Según un reportaje del periodista Franz Reynaldo Chávez,  Elvira Espejo aportó “una década de idas y venidas por pueblos perdidos en remotas zonas andinas de Bolivia“, a los que se llega solo tras muchas horas de intrincadas caminatas, siguiendo el hilo ancestral de los tejidos andinos, entre los que están los más antiguos del mundo. “Espejo empleó sus virtudes como artista plástica y sus raíces familiares aymaras, quechuas y urus, para reunir hasta 900 mujeres en el municipio de Challapata, en Oruro, y desarrollar y reeditar allí la industria de los tejidos, desde sus épocas más antiguas“, reportó Chavez mediante un despacho de la Agencia IPS.

El cuidado de los animales que proveen la lana (ovejas y llamas), los pastizales que sirven de alimento al ganado, el esquilado, el hilado, la aplicación de tintes naturales hasta el acabado con alta calidad, formaron el conjunto de actividades realizadas para completar el ancestral circuito artesano. “El tejer no es solamente tejer. Es una obra científica que puede someterse a estudios académicos“, explicó Espejo a IPS, quien estudió y recreó piezas clasificadas como arqueológicas, históricas o contemporáneas, según la época de su elaboración.

Su inquietud la hizo romper fronteras y pronto inició una travesía por el norte de Chile, el norte de Argentina y las regiones andinas de Ecuador y Perú al encuentro de las técnicas y piezas arqueológicas, históricas y contemporáneas. Colombia y Venezuela, los otros dos países andinos, no fueron incorporados a sus recorridos.

Pero su búsqueda sí la condujo también a museos y bibliotecas de las capitales de Francia y Gran Bretaña.

La pieza más antigua la halló en un museo británico y corresponde a un tejido de la cultura Paracas de Perú, fabricada miles de años atrás y trabajada en cuatro capas que enseñan dos diseños diferentes en cada lado, un símbolo de la complejidad del trabajo.
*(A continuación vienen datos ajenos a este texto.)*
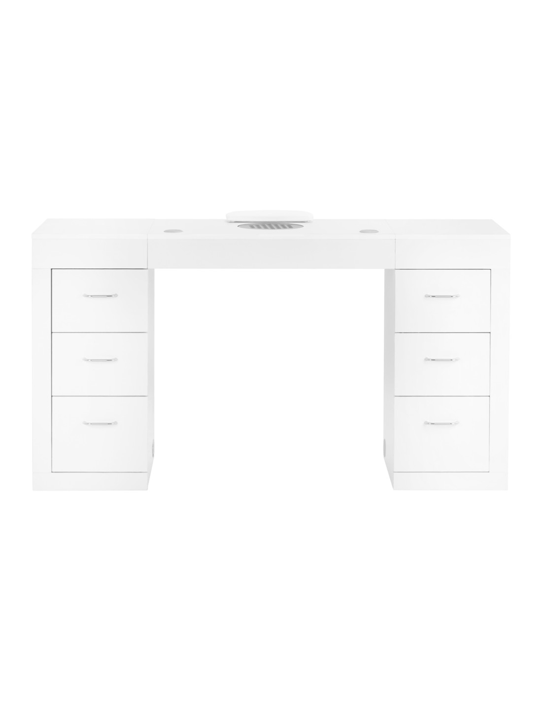 Cabinets on both sides with three capacious drawers make it much easier to organize and keep the most necessary cosmetics and tools in order. Thanks to this, the necessary products are always at hand, which translates into work efficiency. The desk has special holes in the tabletop for routing cables from necessary devices, which allows you to easily maintain order and aesthetics of the workstation.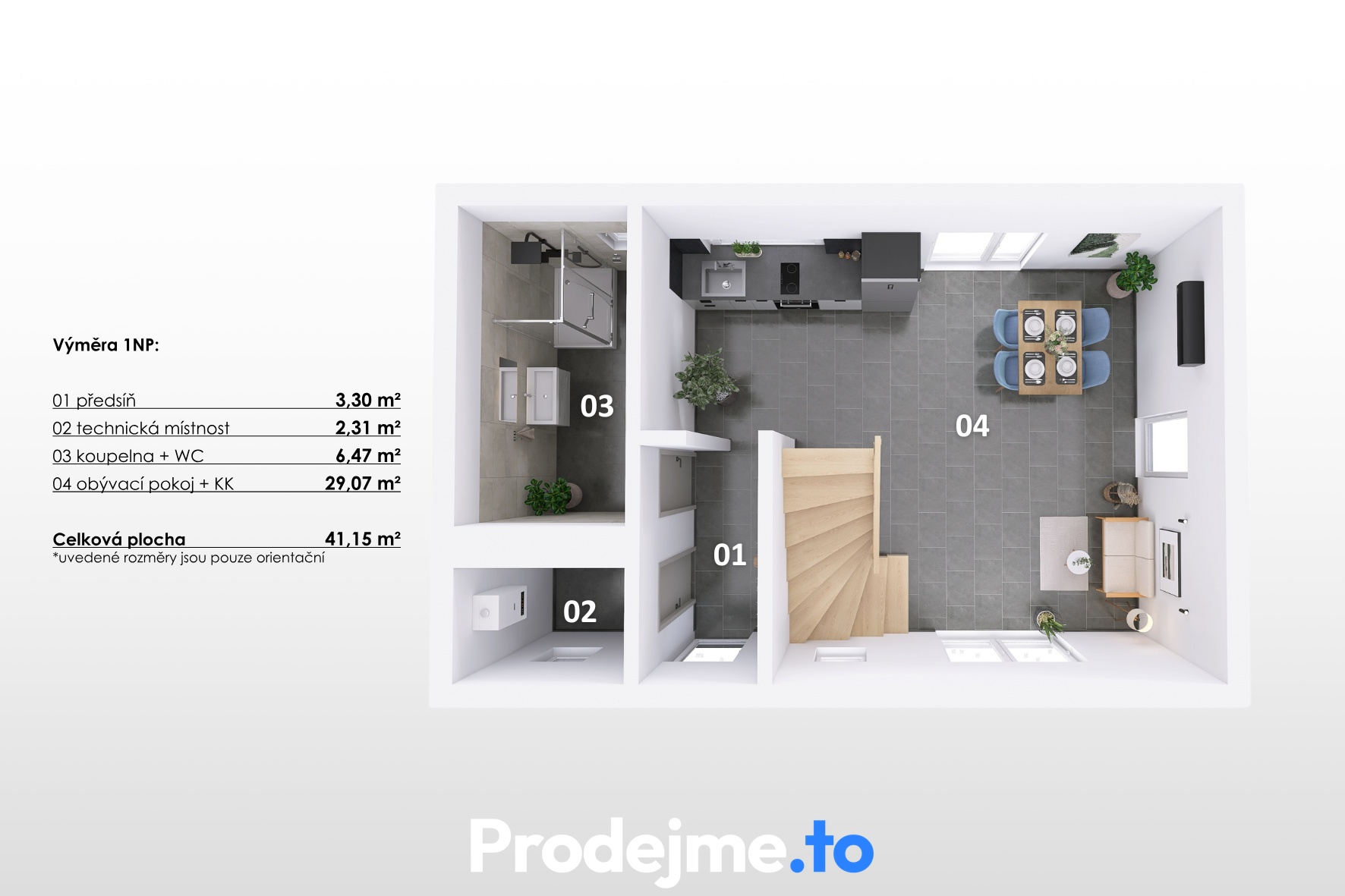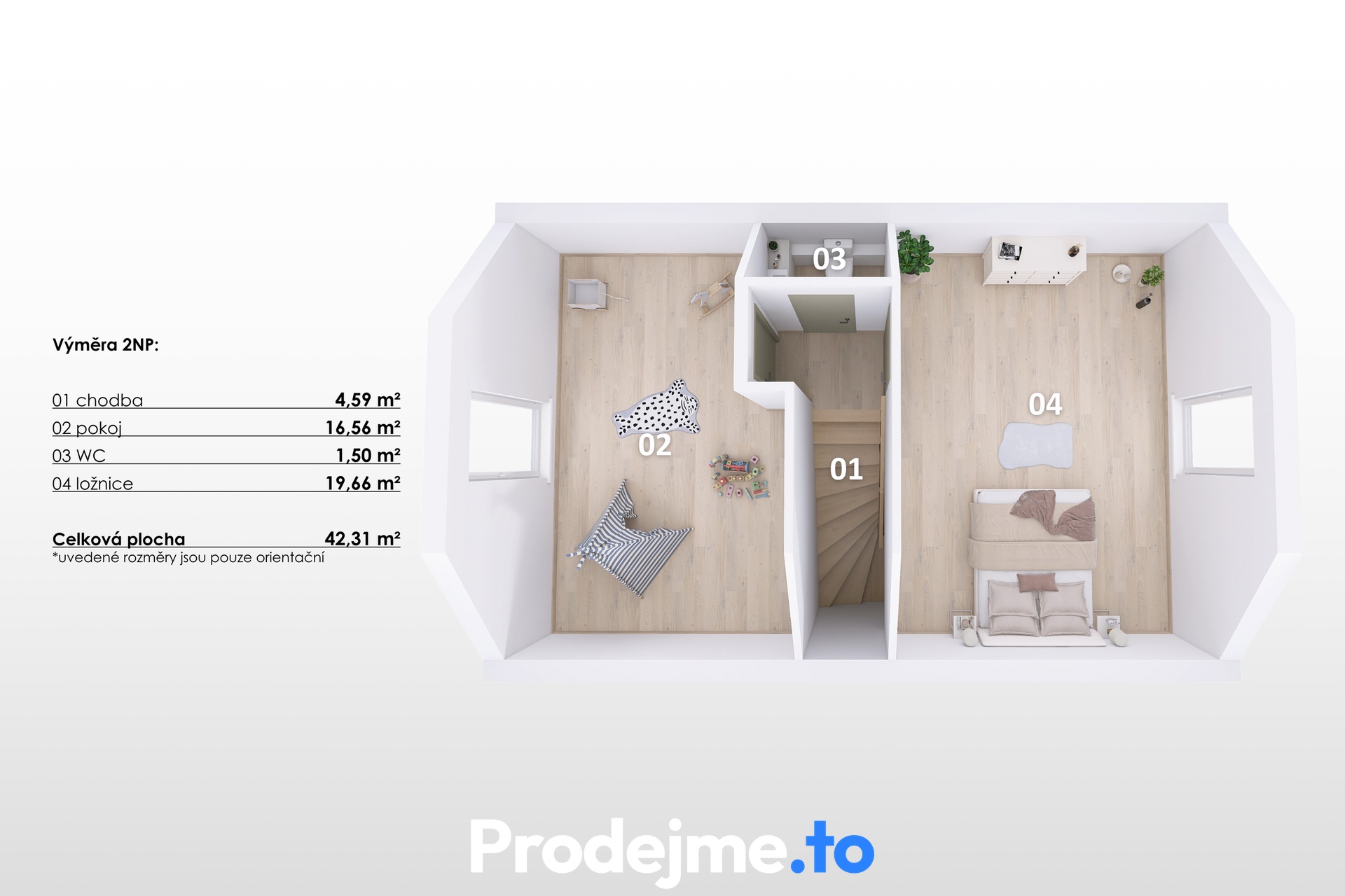 Dům s obytným podkrovím vás hned za předsíní přivítá velkým otevřeným prostorem obývacího pokoje s plně vybaveným kuchyňským koutem. Jedinečnou atmosféru místnosti tvoří nadstandardní prosvětlenost a přiznané stropní trámy. Z obývacího pokoje budete mít zároveň vstupy na zadní i přední terasu. V přízemí dále najdete technickou místnost a koupelnu se sprchovým koutem a toaletou. Obytné podkroví nabízí prostornou ložnici, dětský pokoj a pro větší pohodlí i samostatnou toaletu.

Entre los objetos de riqueza antropológica, Espejo encontró tejidos para cubrir la cintura, manos o la cabeza, con pequeñas piedras incorporadas entre las capas de los hilos, unos objetos que aparentemente se entregaban como símbolos a los guerreros, asegura Franz Chávez.

Tejiendo la memoria

Según un reportaje publicado por el semanario Nueva Economía en su edición de mayo del 2011, Elvira Espejo halló en los textiles  importantes indicios de lo que pasaba en los ayllus de su tierra, desde los guerreros Laime, Qaqachakas y Jucumanis, antes, durante y después de la guerra desatada el año 2000. Es posible conocer la historia de las comunidades a partir de los tejidos, opina.
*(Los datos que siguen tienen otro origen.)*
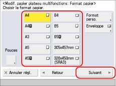 Le format papier spécifié doit être identique à celui du papier chargé dans le plateau multifonctions. Si l'on sélectionne un format de papier ou d'enveloppe différent, un bourrage papier risque de se produire.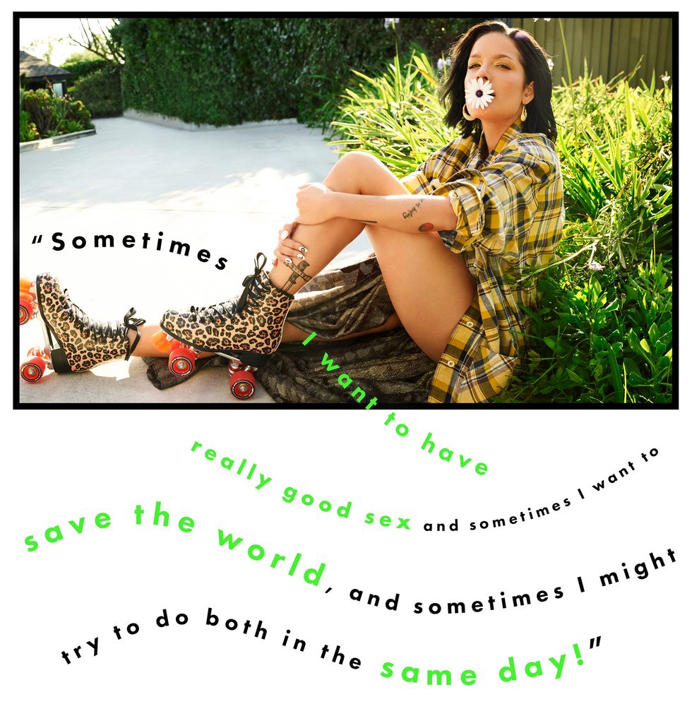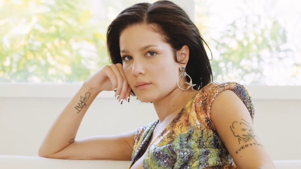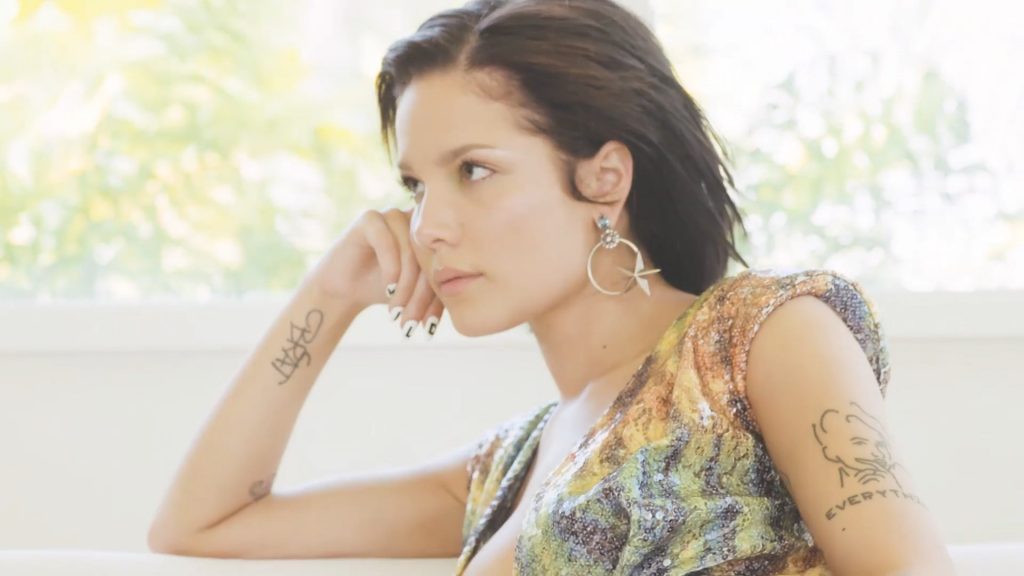 Halsey — американская певица и автор песен. Она начала писать песни в 17 лет, подписала контракт с лейблом Astralwerks Records в 2014 году и выпустила мини-альбом из пяти треков “Room 93.” Её дебютный студийный альбом “Badlands” вышел в 2015 году. Сейчас она также известна как модель благодаря своей роскошной фигуре, красивой груди и необычным татуировкам.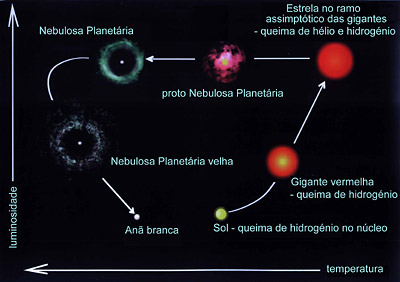 Figura 4: Esquema da vida de uma estrela do tipo solar (adaptação da Figura 7.2 de "Cosmic Butterflies - The Colorful Misteries of Planetary Nebulae" de S. Kwok).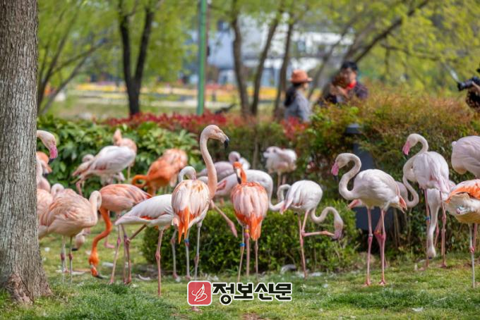 ![]() 순천만국가정원, 물새놀이터에서 휴식 중인 홍학 무리 |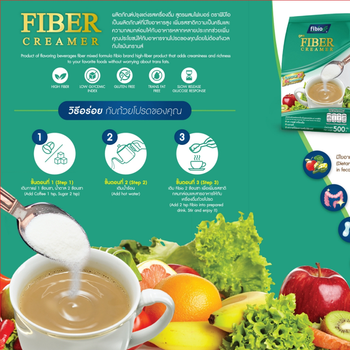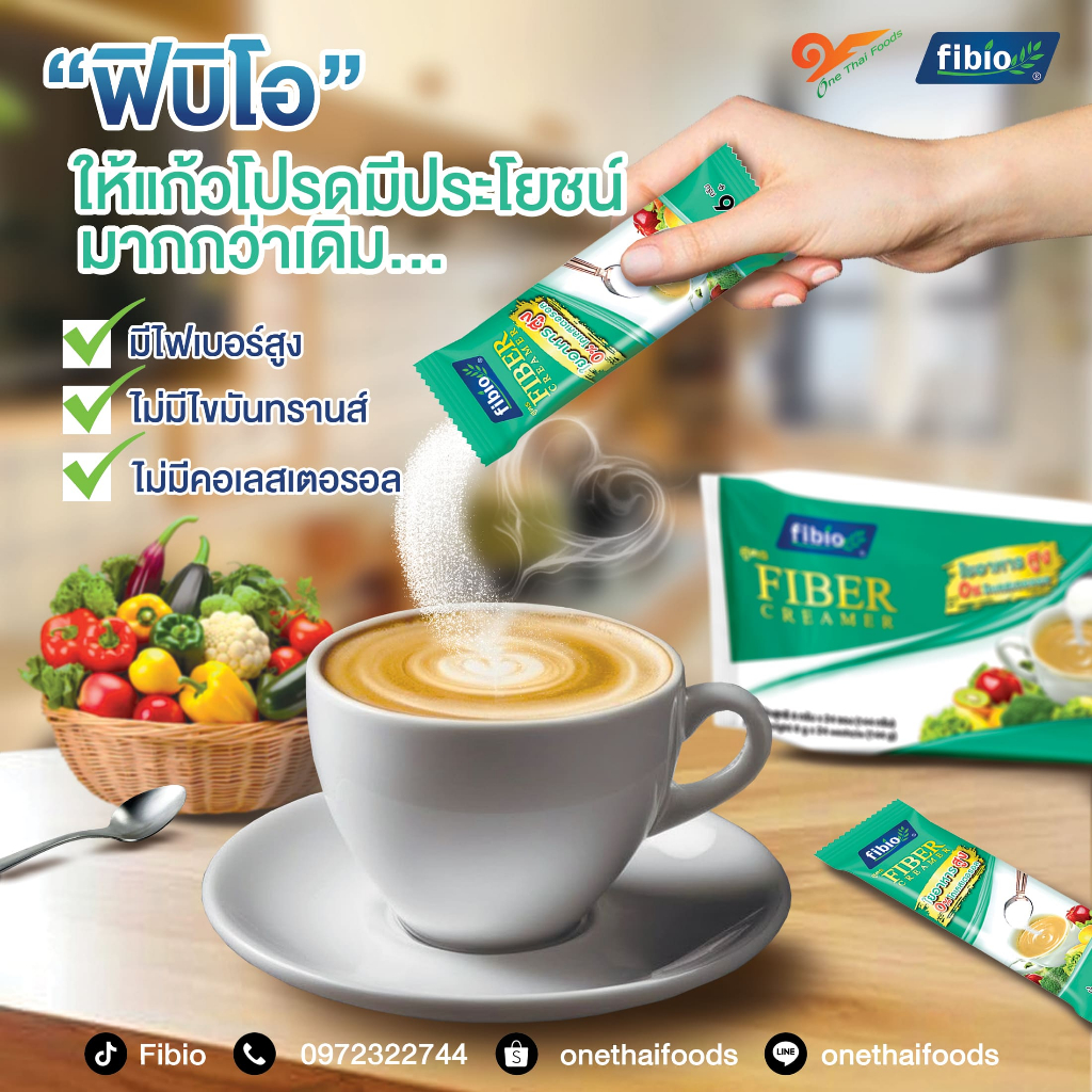 ครีมนมไฟเบอร์ ตรา ฟิบิโอ (Fibio) ใน 1 ถุง มีซองขนาด 6 กรัม x 24 ซอง ใช้แทนครีมเทียม คีโตทานได้

Elvira Espejo, la artista plástica del ayllu Qaqachaka, explica que en los chimpus (lanas de colores) va el hilo de la vida: la madre va tejiendo el bautismo, define el nombre que le dará a su hijo. “La madre está moldeando la identidad de su wawa a través de los textiles”.

De acuerdo con sus estudios, señala que en los tejidos se entrelazan los linderos de los ayllus y los hijos son como territorios. “Los llamamos hilos sueltos, es la nación y el territorio, pero va más allá… Como la escritura allá en Europa abarca todo, el textil abarca todo en los Andes. Entonces, lo que se puede estudiar en el textil es identidad, el territorio, las relaciones económicas, productivas… Por eso llamamos al textil el libro de los Andes”, indica Espejo.

Sobre este tema, Elvira brindará el lunes su conferencia magistral a partir de las 19:00 en los ambientes de la Iniam-Umss (Calle Jordán E-199 equina Nataniel Aguirre), en la ciudad de Cochabamba.